Lane P A, Rogers Z R, Woods G M, Wang W C, Wilimas J A, Miller S T, Khakoo Y, Buchanan G R
Colorado Sickle Cell Treatment and Research Center, University of Colorado School of Medicine, Denver.
J Pediatr. 1994 Jun;124(6):859-62. doi: 10.1016/s0022-3476(05)83171-3.
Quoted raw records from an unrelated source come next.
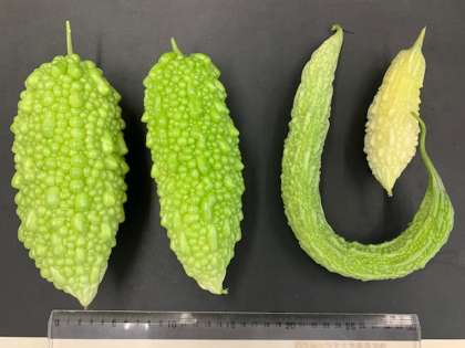 先週に夏野菜カレーでゴーヤを使いましたが、その後も次々と実がなっています。黄色くなる前に収穫しています。5種類のゴーヤができているので収穫の度に楽しみです。
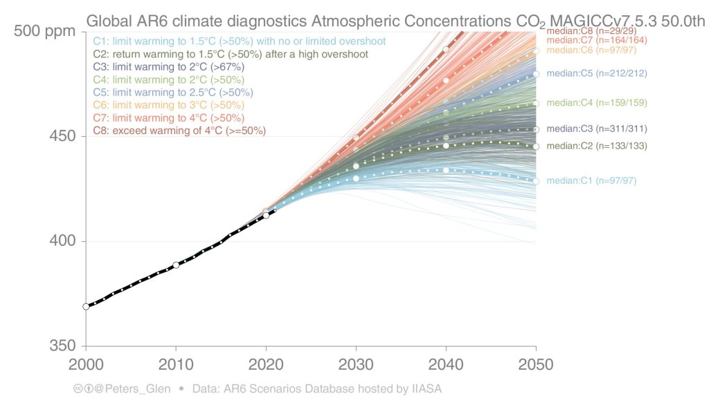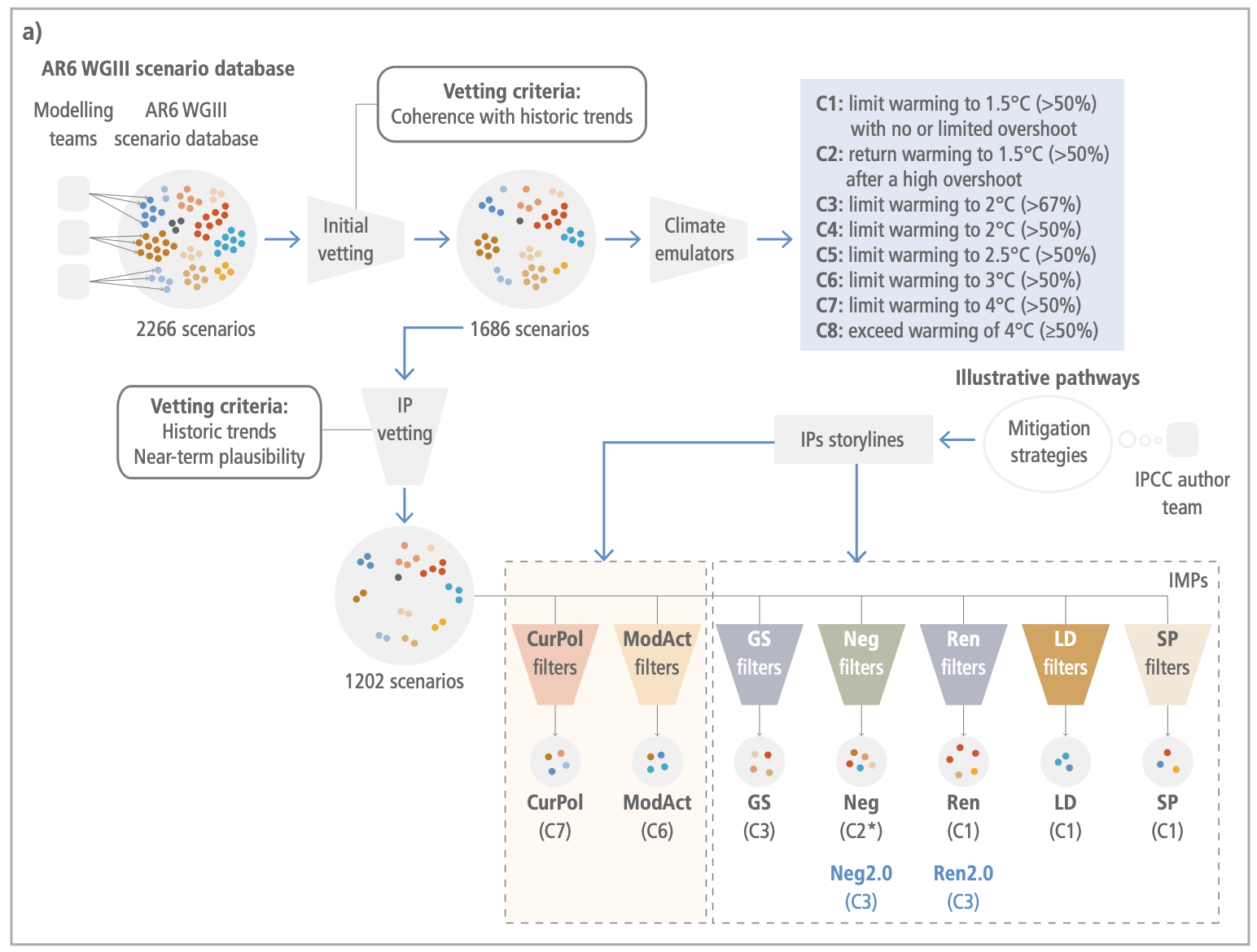 Plus de 3000 scénarios élaborés par des dizaines de modèles ont été ainsi déposés dans la base de données du groupe 3 du GIEC, en préparation de l’AR6. Les auteurs du rapport ont mis en place des critères de sélection (cohérence avec les tendances récentes, probabilité à court terme, etc., voir Peters et al., 2023) et en ont retenu 1202, qui ont été triés en fonction du réchauffement qu’ils provoquent en 2100 (avec l’aide d’un émulateur, un petit modèle climatique qui permet de « reproduire » les résultats des gros) : ce sont les catégories de scénarios, de C1 à C8, mentionnées sur la figure ci-dessous qui décrit ce processus (WG3, chap.3, Fig. 3.5a).
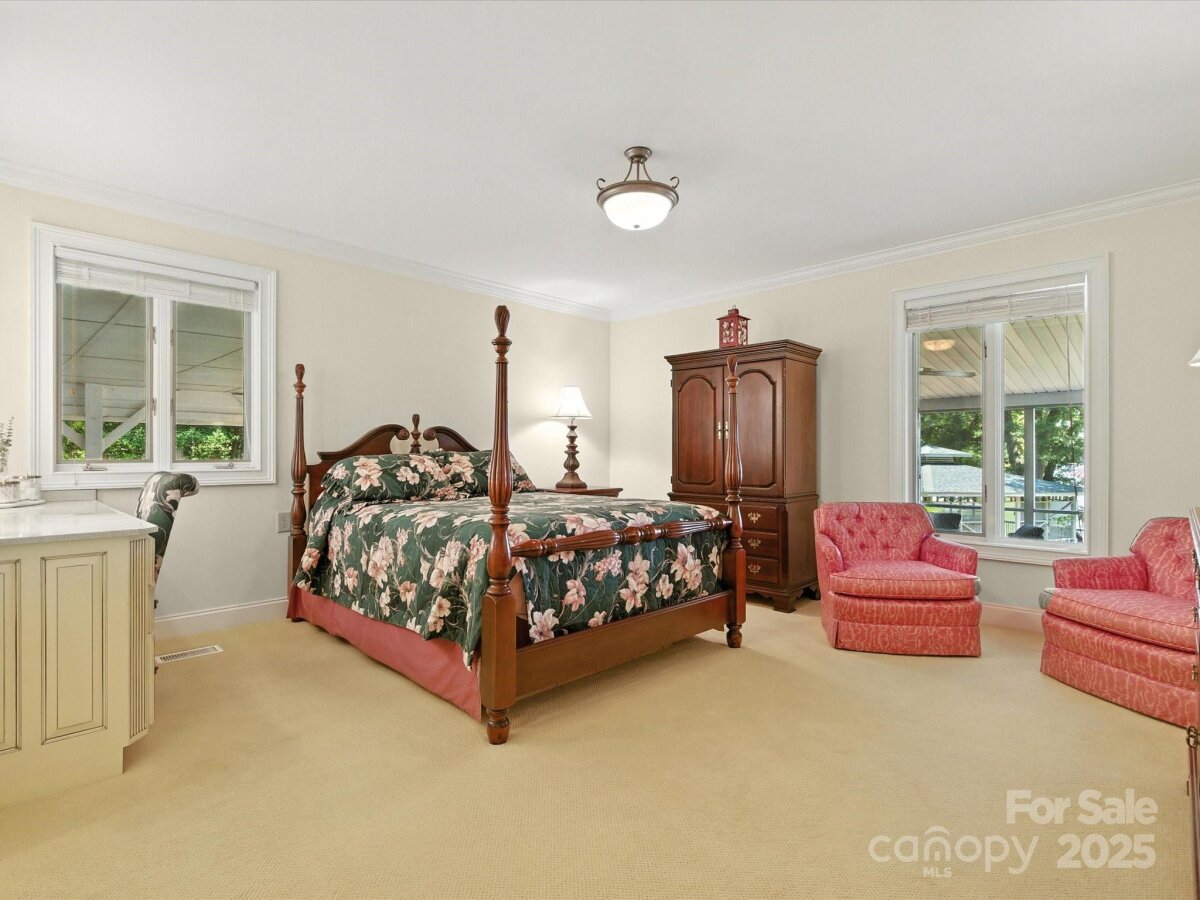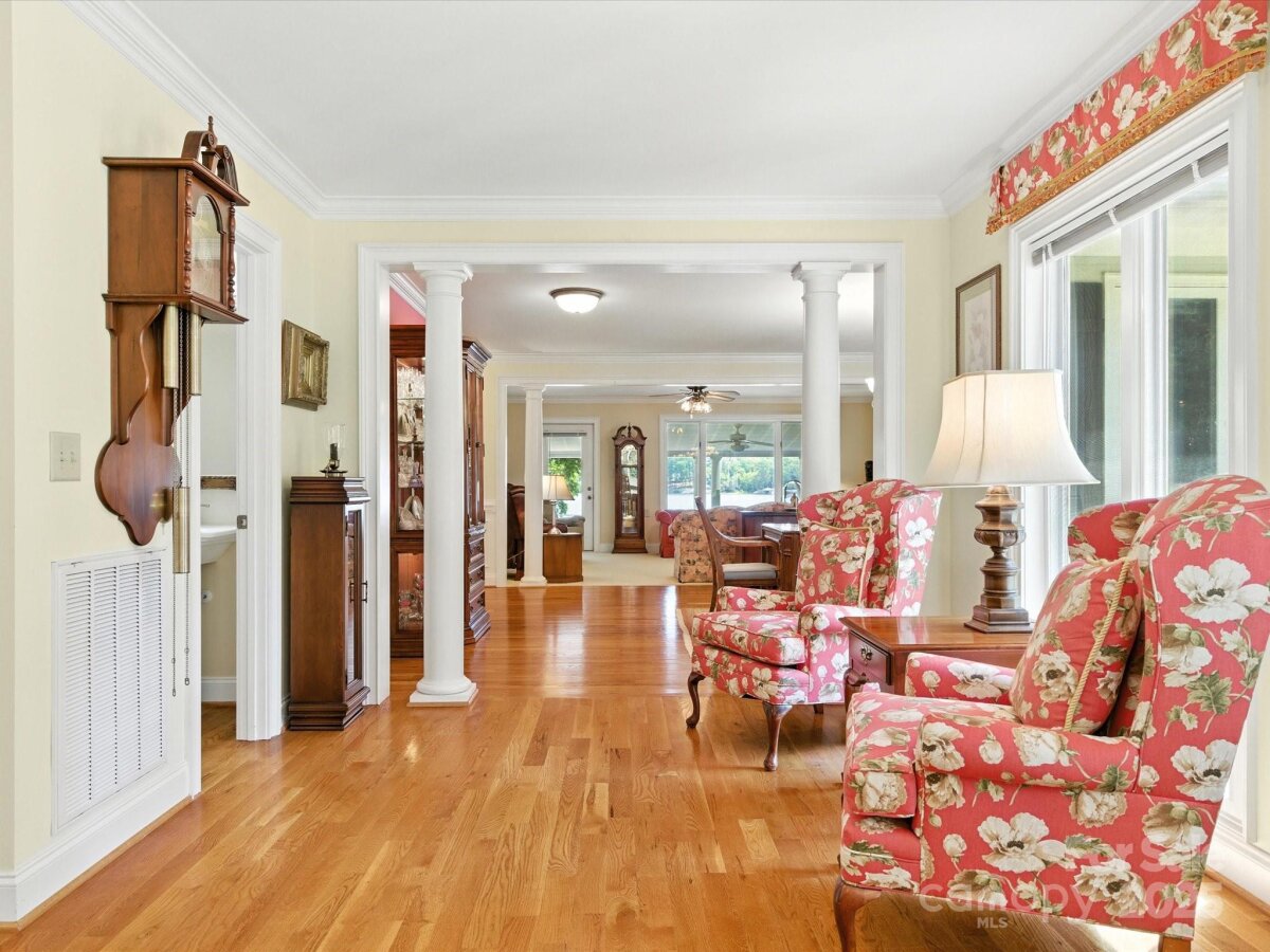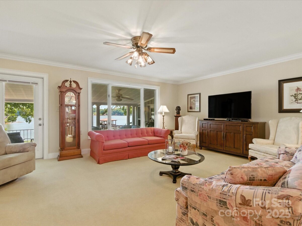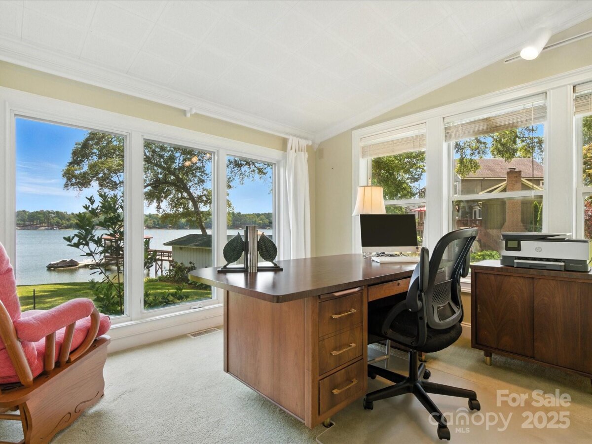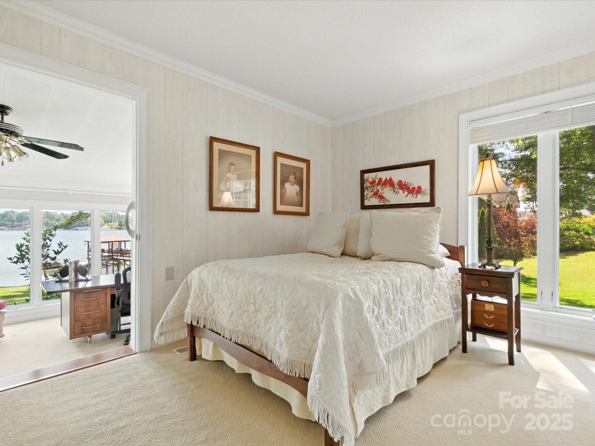 THE RARE WATERFRONT GEM YOU’VE BEEN WAITING FOR! This beautiful, one of a kind ranch is tucked away on a private road with only 5 homes, situated on .91 acres with magnificent waterfront views and expansive outdoor living spaces! Nestled in a quiet cove with 174 ft of shoreline and wide main channel views, this property offers the perfect blend of privacy, charm, and lake living. The welcoming open floor plan has large windows throughout with inviting natural light and gorgeous views from every room. Spacious kitchen features an abundance of custom cabinetry, large island, granite countertops, stainless steel appliances, and gleaming hardwood floors. Large family and dining room has picturesque lake views. Lovely wide custom moldings and large columns throughout. The office/flex space provides gorgeous panoramic views. Enjoy morning coffee on the private, southern style back porch, while admiring serene views of the lake and wildlife. Relax on the cozy screen porch with your favorite book. Brick pavers lead to a charming gazebo, with built in countertop, sink, refrigerator, and grilling area, making it the perfect area for entertaining friends and family. Composite pier, covered boat slip, boat lift, and floating dock. Huge workshop/garage has electricity, outside water, roll up garage door, and attic storage with 7 ft ceilings. Property is surrounded by preserved natural habitat, protected by the Mt Island Educational State Forest. Home was completely remodeled and permitted in 2008. Recent updates include house roof 2023, HVAC 2023, boat house roof 2024, gazebo roof 2018, composite dock 2017, dishwasher 2023, microwave 2023, water heater 2022. Close to shopping & restaurants, 15 min to Uptown Charlotte & CLT Douglas Intl. Airport. Close to I485, I85, and I77.

We retrospectively examined the medical and autopsy records of seven previously unpublished cases of fatal pneumococcal septicemia in children with hemoglobin SC disease. The earliest death occurred in a 1-year-old child who had congenital heart disease with cyanosis; the other children were aged 3 1/2 to 15 years. Only one child had received pneumococcal vaccine or prophylactic penicillin therapy. All seven children had an acute febrile illness and rapid clinical deterioration despite parenterally administered antibiotic therapy and intensive medical support. Erythrocyte pit counts in two patients were 40.3% and 41.7%, respectively (normal, < or = 3.6%). Autopsy data from five cases showed marked splenic congestion without infarction in five, splenomegaly in four, and bilateral adrenal hemorrhage in three. These cases illustrate that functional asplenia predisposes some children with hemoglobin SC disease to the development of fatal septicemia after the age of 3 years. We conclude that pneumococcal vaccine should be administered to all children with hemoglobin SC disease and that acute febrile illnesses should be investigated promptly for the possibility of septicemia. The routine use of prophylactic penicillin therapy in infants and children with hemoglobin SC disease remains controversial.
我们回顾性研究了7例先前未发表的血红蛋白SC病患儿致命性肺炎球菌败血症病例的医疗和尸检记录。最早死亡的是一名患有先天性心脏病并伴有紫绀的1岁儿童;其他儿童年龄在3.5岁至15岁之间。只有一名儿童接种过肺炎球菌疫苗或接受过预防性青霉素治疗。尽管接受了静脉注射抗生素治疗和强化医疗支持,所有7名儿童均出现急性发热性疾病且临床迅速恶化。两名患者的红细胞凹坑计数分别为40.3%和41.7%(正常范围,≤3.6%)。5例尸检数据显示,5例有明显的脾充血但无梗死,4例脾肿大,3例双侧肾上腺出血。这些病例表明,功能性无脾使一些血红蛋白SC病患儿在3岁后易发生致命性败血症。我们得出结论,应给所有血红蛋白SC病患儿接种肺炎球菌疫苗,对于急性发热性疾病应及时调查是否有败血症的可能。对于血红蛋白SC病婴幼儿常规使用预防性青霉素治疗仍存在争议。